Ask HN: What are the top open source software written in C? - anujkk

I'm looking for top open source softwares written in C (excluding linux kernel) for learning by code reading. AFAIK, Apache Web Server, Gnome, GIMP and parts of firefox are written in C. Do you know of any other interesting open source projects using C as their development language?
======
jordandanford
Many interpreted programming languages are implemented in C: Python, Ruby,
Lua, Io...

------
jfaucett
Glad to hear someone wants to learn by reading source! I personally think this
is a thousand times better than reading any book about programming languages.
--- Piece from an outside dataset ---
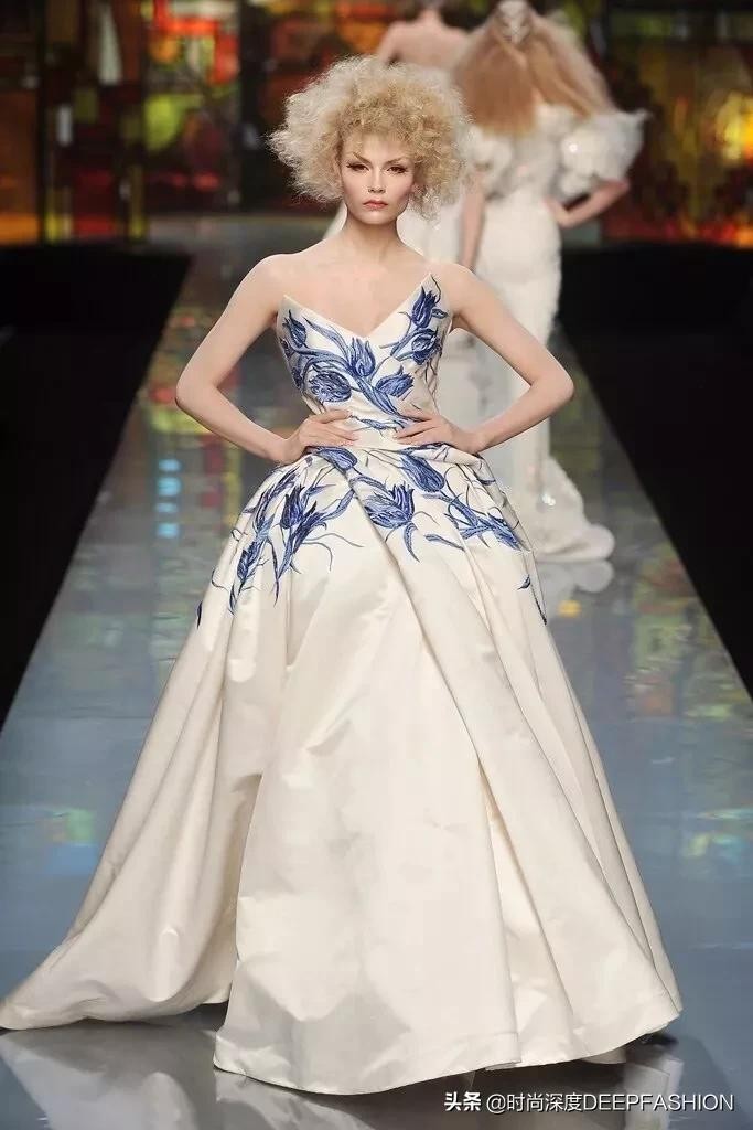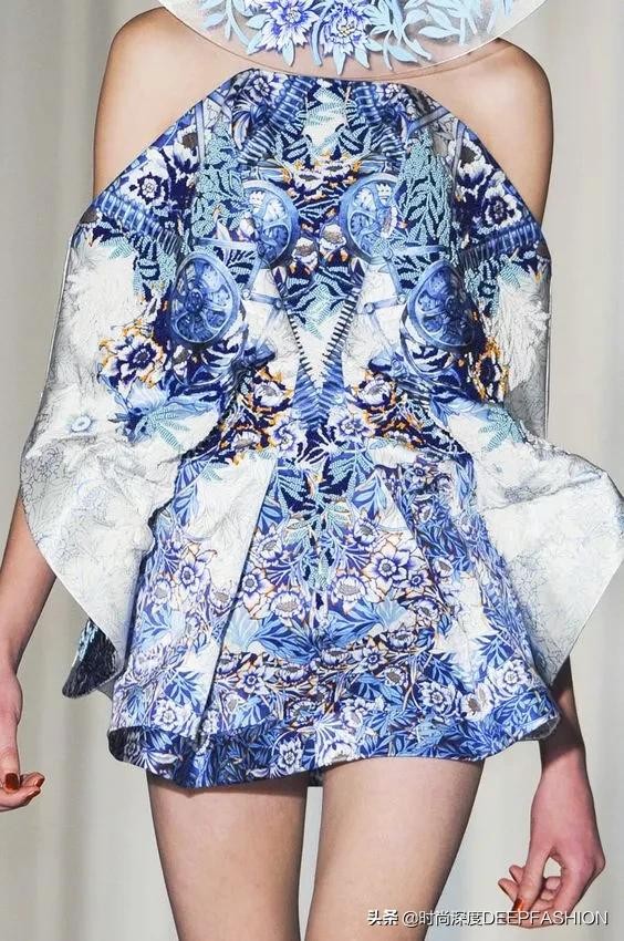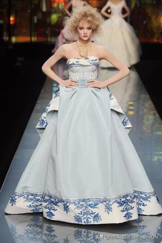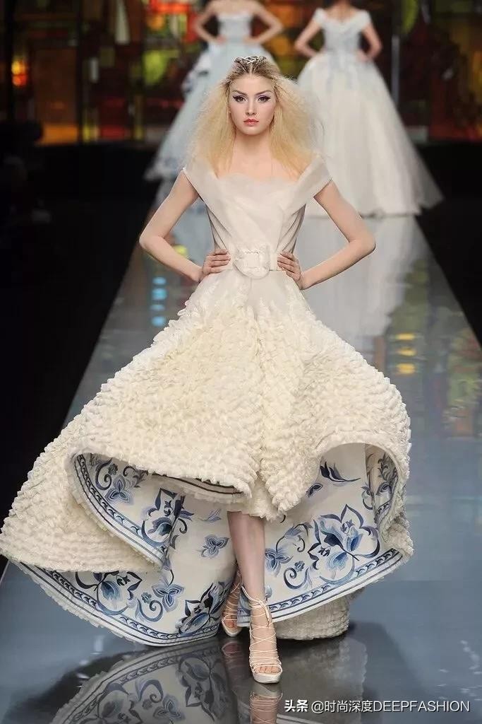John Galliano早在为ChristianDior Spring Summer 2009年的设计中就加入了这一元素,青花瓷的纹样在礼服上的展示欲拒还迎,包藏在裙摆内的纹样仿佛想让你看到,又期待你发现它的样子。

to answer your question, pretty much anything at GNU, coreutils, binutils,
bash, grep, etc. here's the link: <http://www.gnu.org/software/>

Also I'd recommend reading the redis source, its an easy read and well
designed. Also emacs if your also interested in lisp or text-editing ( still
difficult portions are written in c ). And if you're a chess fan check out the
GNU chess project, for games then there's quake 3 src - which was my first
completed c source read.

good reading!

------
matthewowen
redis: <https://github.com/antirez/redis/>

------
tsahyt
Not exactly an open-source project but id software releases their source code
under the GPL license after a couple of years. So you might want to have a
look at the sources of say, Doom or Quake. Both of them were written in C. In
fact everything they did up to Doom 3 (C++) is C code if I remember correctly.

------
grn
I can recommend git (<https://github.com/git/git>) and Plan9
(<http://plan9.bell-labs.com/sources/plan9/sys/src/>). Both are pleasure to
read.

------
davyjones
SQLite, PostgreSQL.

------
ralph
lcc(1) the C compiler. As well as having readable C source, you'd learn
something about the innards of C, how it is implemented, and there's a good
accompanying book by Fraser and Hanson that covers the complete source as a
"literate program". <https://github.com/drh/lcc/blob/master/src/lex.c>
<http://www.amazon.com/exec/obidos/ASIN/0805316701/mqq-20>

------
anywherenotes
libxml2 <http://www.xmlsoft.org/> XML parser, used a lot, so probably well
coded. Likely smaller code-size than some of the more famous gnu products.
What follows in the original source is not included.